Bridgewater DUI Lawyer: Police DUI

Bridgewater DUI Lawyer

Bridgewater DUI Lawyer

Bridgewater DUI Lawyer:  If you have been charged with DUI in Bridgewater, Virginia or any other traffic offense, schedule your FREE, no obligation case evaluation with Bob right now.  You can call 540.433.6906, email or fill out his CONTACT FORM. All your information and statements are private and confidential.  If you are interested you can see our REVIEWS HERE.

Bridgewater DUI Lawyer: Nationwide, Police Officers charged with DUI are treated differently than ordinary people.  In a recent Boston Globe article, the story of Massachusetts State Policeman Brian Simpkins showed how well police are treated when charged with DUI.  Simpkins was only 19 years old the first time he was arrested for DUI after ramming his truck into a tree.   The second time he was arrested passed out in his vehicle with the engine running was in 2012 when he was a Massachusetts State Trooper.  Simpkins was so drunk that he handed his credit card to the police officer in response to a request for his drivers license.

Bridgewater DUI Lawyer:  Simpkins refused the evidential breath test.  The Judge found him not guilty of DUI based on mistakes made by the arresting officer. The Massachusetts State Police kept Simpkins on the payroll to do office work until his suspension for the refusal ran.  Simpkins is back on his $130,000 a year job as a Massachusetts State Trooper patrolling for drunk drivers.

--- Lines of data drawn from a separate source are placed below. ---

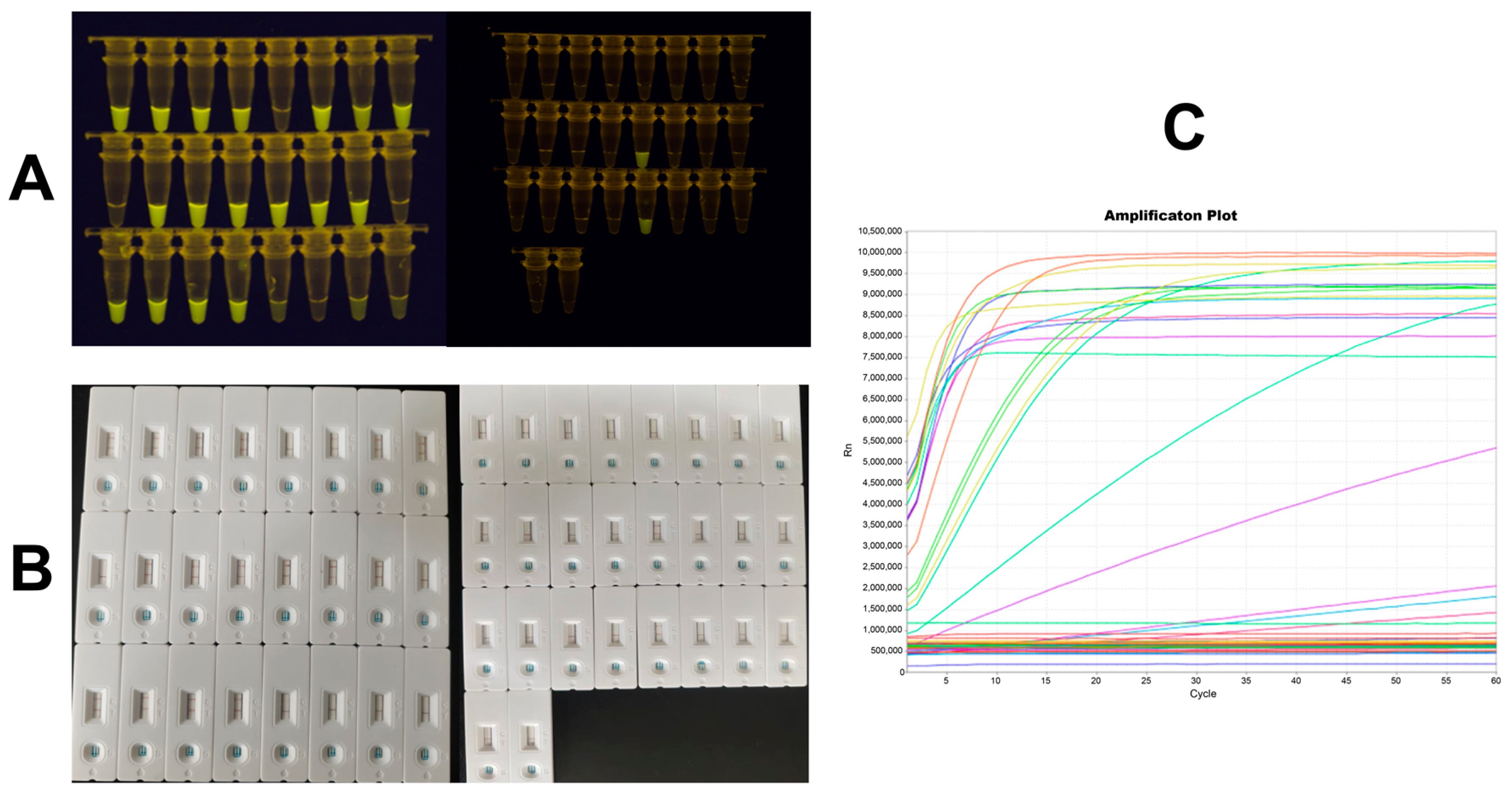 Figure 4. Detection results from fecal sample analysis. (A) Fluorescence observation method, (B) test strip detection method, and (C) instrument-based detection method.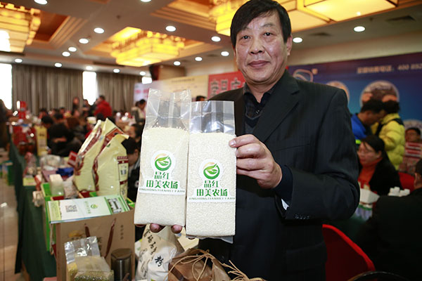12月18日,河北唐山晶红田美农场工作人员刘银才展示他们农场出产的富硒大米。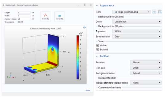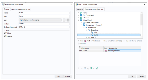 www.comsol.com/model/app-with-cad-import-and-selections-86621. It demonstrates the use of ribbon buttons (items) for interactively selecting inlet and outlet boundaries in a microfluidics model.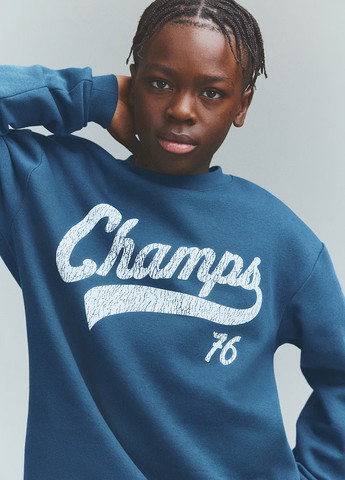 Колір Темно-блакитний / Матеріал Бавовна, Трикотаж з начосом / Візерунок Напис / Крій Вільний / Довжина рукава Довгий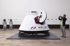 5月5日,在比利时布鲁塞尔,一名男子在一艘苏联时期的太空舱前拍照。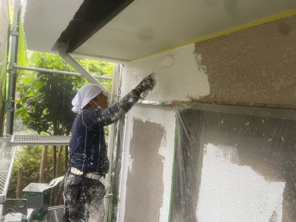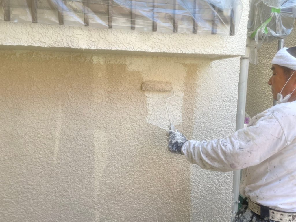微弾性の下塗り材を均等に塗布していきます。

Bridgewater DUI Lawyer: Simpkins is not alone among police officers being stopped for DUI:  Since 2012 at least 30 Massachusetts police officers have been charged with DUI.  No one knows how many were simply released once their identity as police officers was made known.

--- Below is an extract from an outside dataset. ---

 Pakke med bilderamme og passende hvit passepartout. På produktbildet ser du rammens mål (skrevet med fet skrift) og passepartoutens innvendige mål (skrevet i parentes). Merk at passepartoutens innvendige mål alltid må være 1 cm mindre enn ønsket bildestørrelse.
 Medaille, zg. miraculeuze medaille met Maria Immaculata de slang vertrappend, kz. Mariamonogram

‘[It is] customary practice when a stop is made on a fellow police officer . . . [to] not call in the stop.’ — Massachusetts Civil Service Commission report


Bridgewater DUI Lawyer: This practice of not charging fellow officers is called Professional Courtesy.  This practice is especially appalling since police culture appears to be we play hard; we drink hard.  Not surprisingly, police departments do not keep records of the number of officers arrested for DUI or release the identities and information about officers charged with DUI.